-- Task objective --
Could you restate word for word only the lines below from the one holding "The Mossos d'Esquadra, the" to the one holding "Se trata de", inclusive, and leave out the pictures?

-- Source material --
:::::

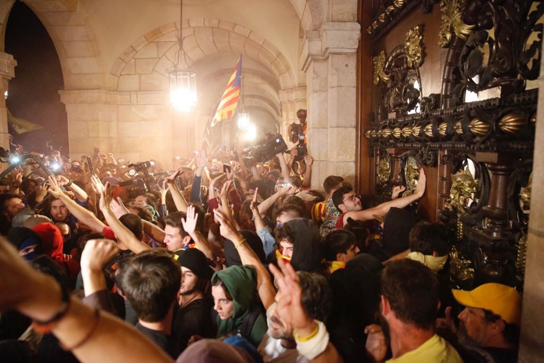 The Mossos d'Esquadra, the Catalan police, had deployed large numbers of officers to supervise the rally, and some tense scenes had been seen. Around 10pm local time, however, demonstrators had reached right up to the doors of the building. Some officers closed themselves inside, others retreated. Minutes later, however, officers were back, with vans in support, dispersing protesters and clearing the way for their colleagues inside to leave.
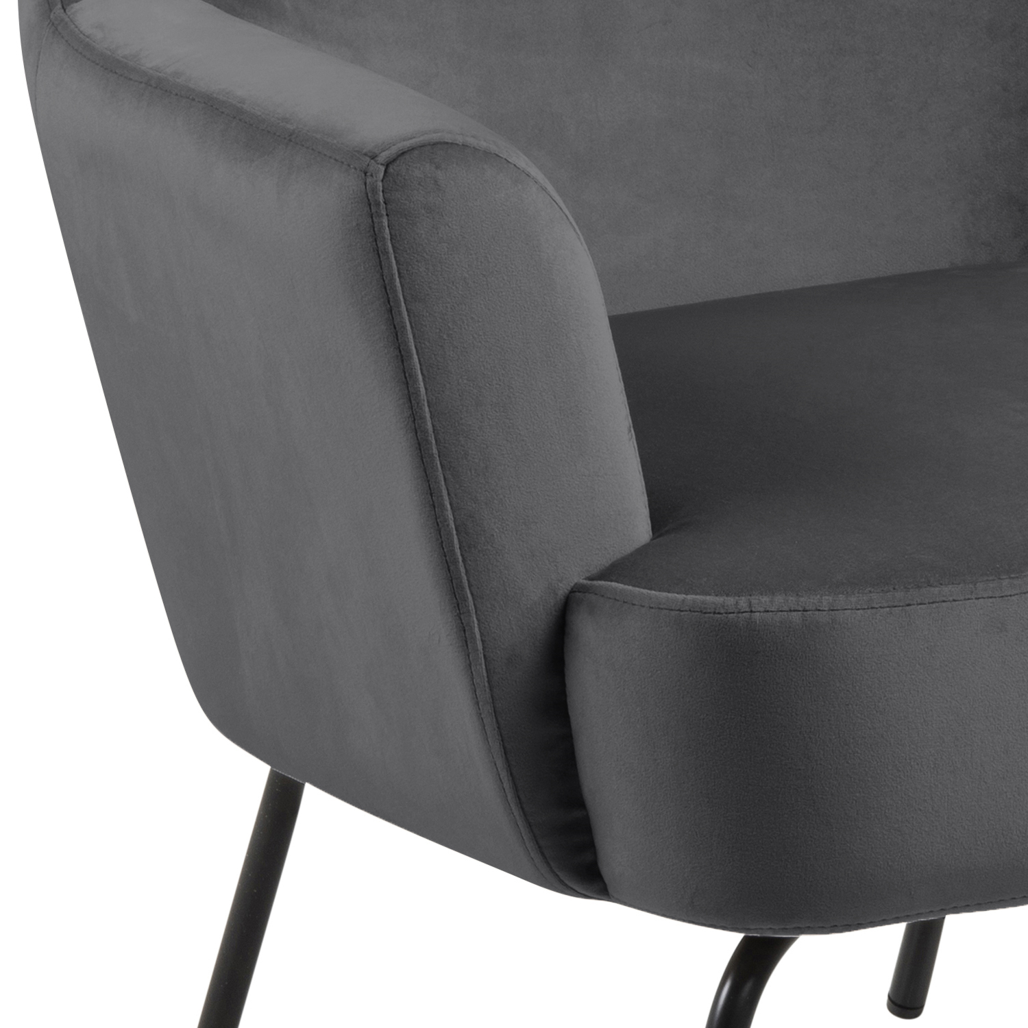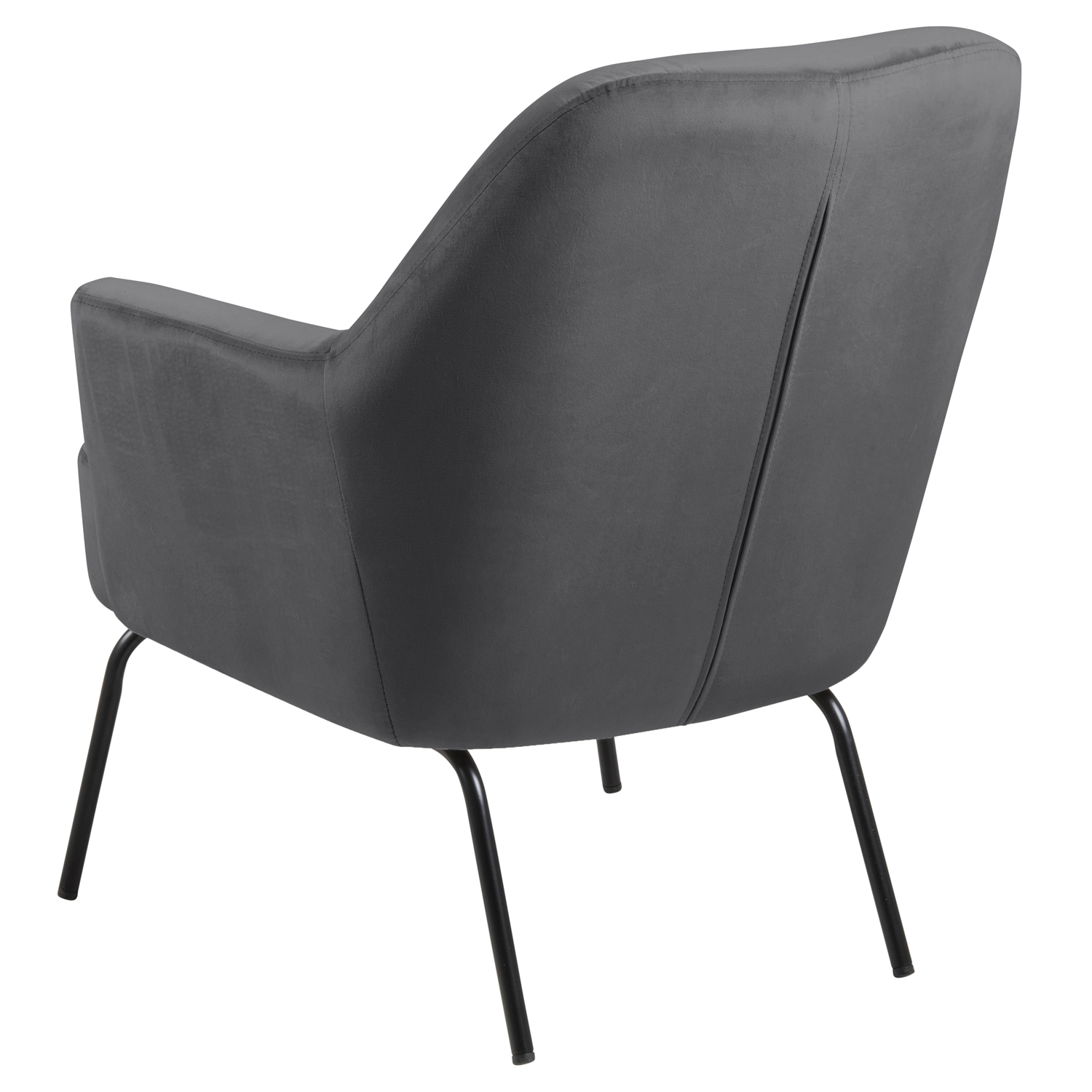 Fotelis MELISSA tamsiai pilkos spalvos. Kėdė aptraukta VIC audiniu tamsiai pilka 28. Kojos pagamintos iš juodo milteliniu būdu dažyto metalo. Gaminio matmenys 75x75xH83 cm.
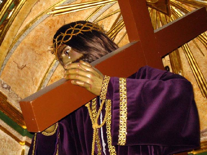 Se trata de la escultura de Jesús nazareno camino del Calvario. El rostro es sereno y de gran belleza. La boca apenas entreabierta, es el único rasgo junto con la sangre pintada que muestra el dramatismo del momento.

:::::

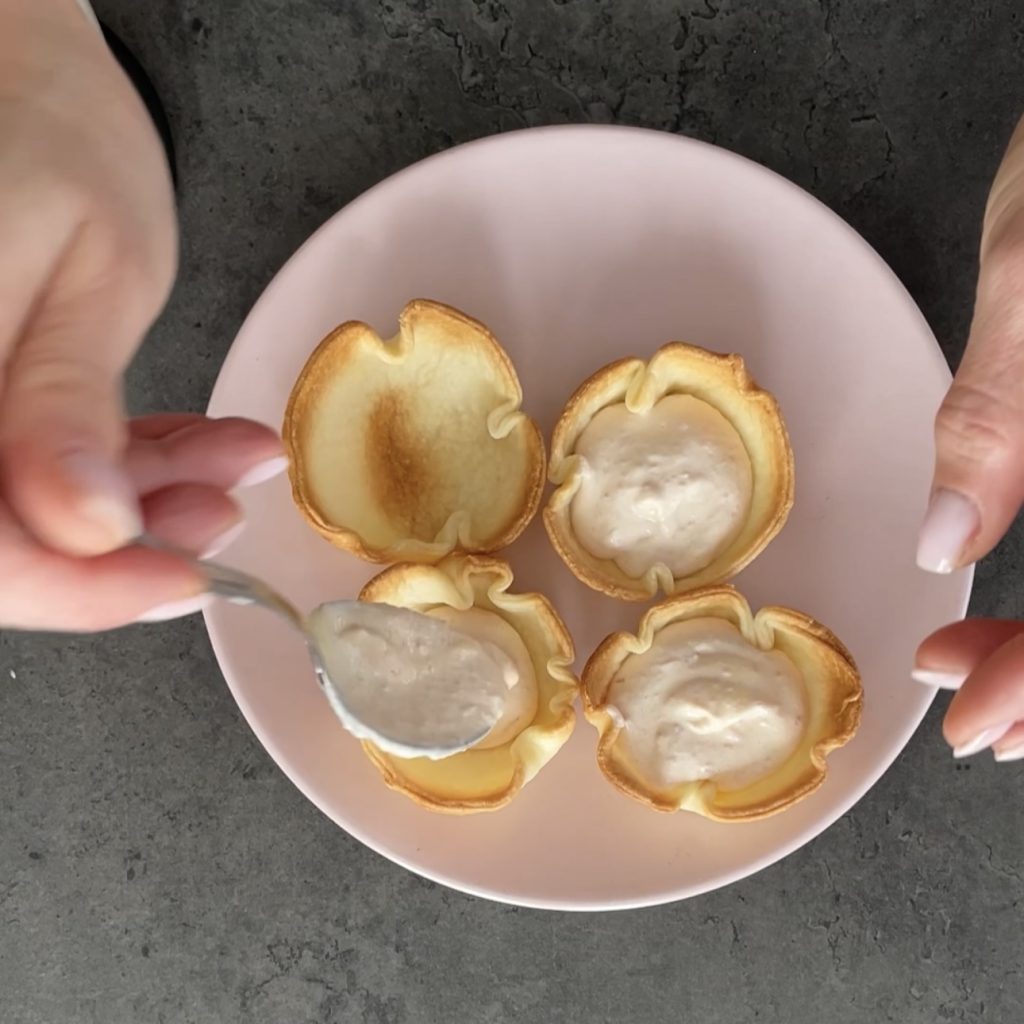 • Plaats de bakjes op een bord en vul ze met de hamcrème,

:::::

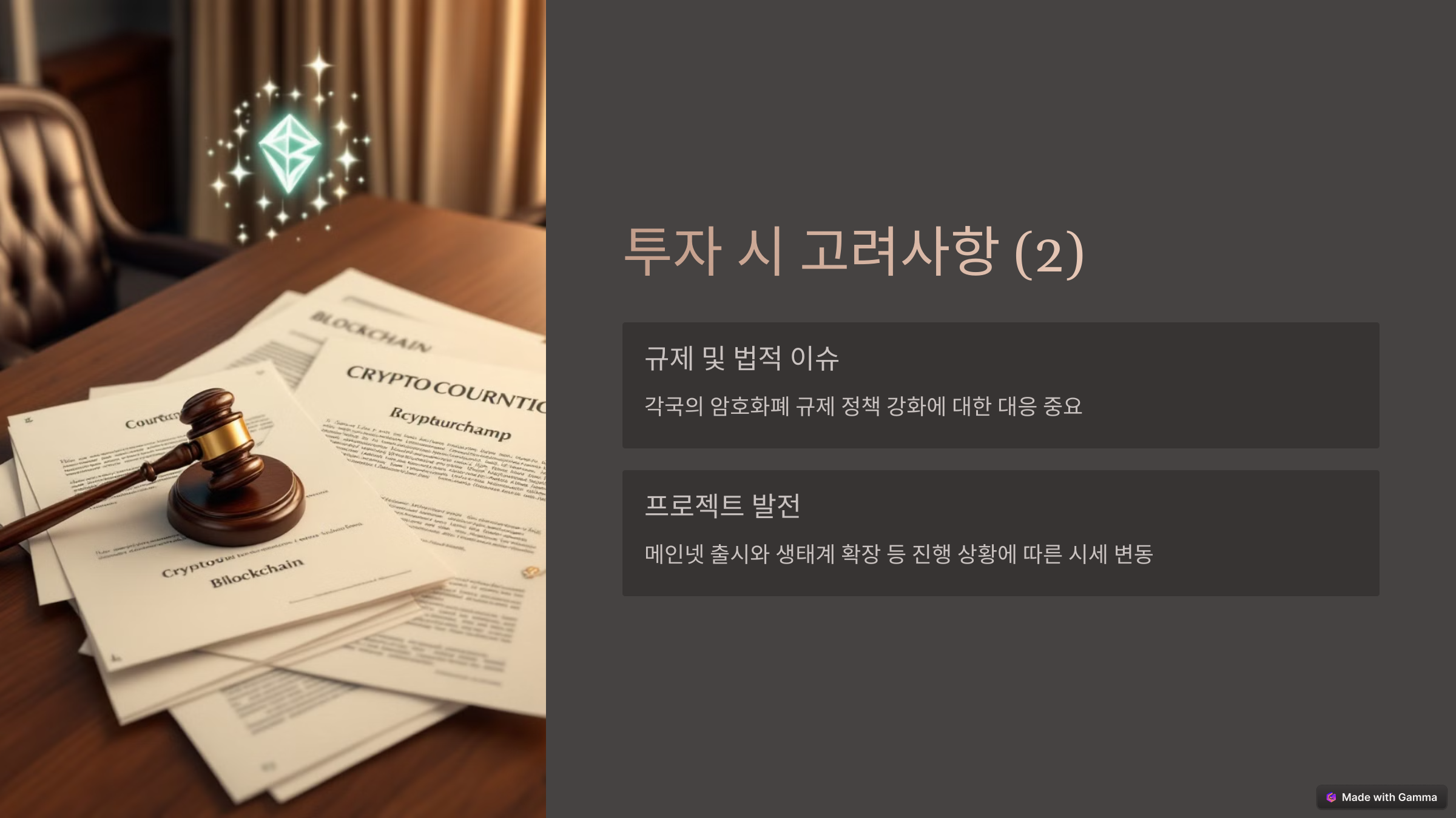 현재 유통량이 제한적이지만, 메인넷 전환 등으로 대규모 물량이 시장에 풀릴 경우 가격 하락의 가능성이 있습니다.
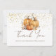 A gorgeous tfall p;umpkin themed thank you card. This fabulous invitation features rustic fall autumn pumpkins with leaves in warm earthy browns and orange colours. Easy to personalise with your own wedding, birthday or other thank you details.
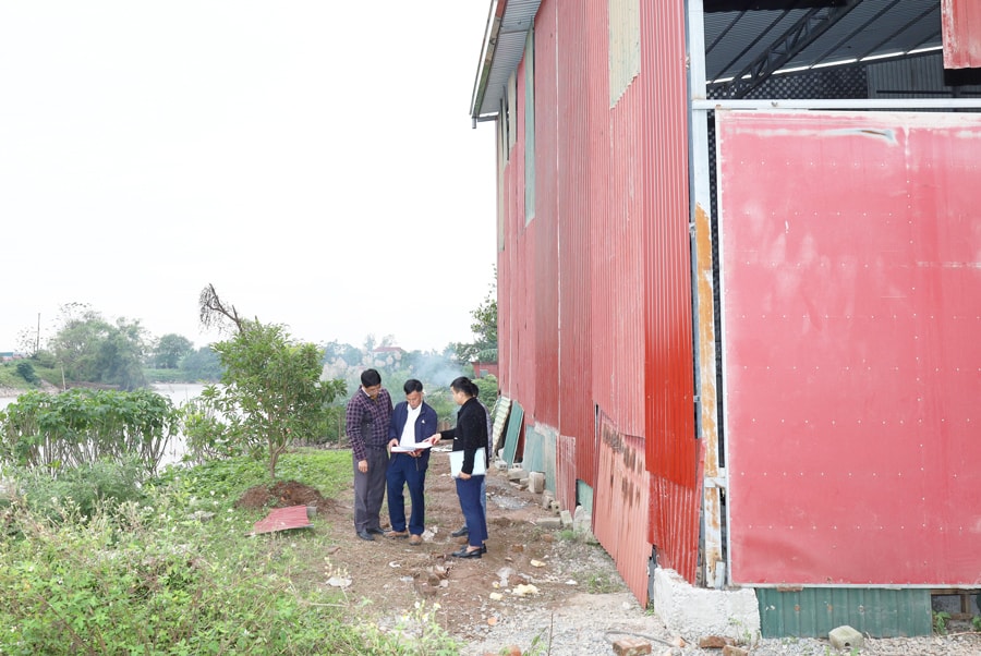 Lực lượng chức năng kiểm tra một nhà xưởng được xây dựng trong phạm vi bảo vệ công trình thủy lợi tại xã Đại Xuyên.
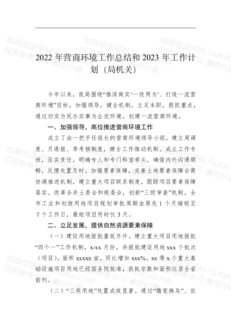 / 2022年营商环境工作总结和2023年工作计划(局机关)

:::::

-- Reply to the exercise --
 The Mossos d'Esquadra, the Catalan police, had deployed large numbers of officers to supervise the rally, and some tense scenes had been seen. Around 10pm local time, however, demonstrators had reached right up to the doors of the building. Some officers closed themselves inside, others retreated. Minutes later, however, officers were back, with vans in support, dispersing protesters and clearing the way for their colleagues inside to leave.
 Fotelis MELISSA tamsiai pilkos spalvos. Kėdė aptraukta VIC audiniu tamsiai pilka 28. Kojos pagamintos iš juodo milteliniu būdu dažyto metalo. Gaminio matmenys 75x75xH83 cm.
 Se trata de la escultura de Jesús nazareno camino del Calvario. El rostro es sereno y de gran belleza. La boca apenas entreabierta, es el único rasgo junto con la sangre pintada que muestra el dramatismo del momento.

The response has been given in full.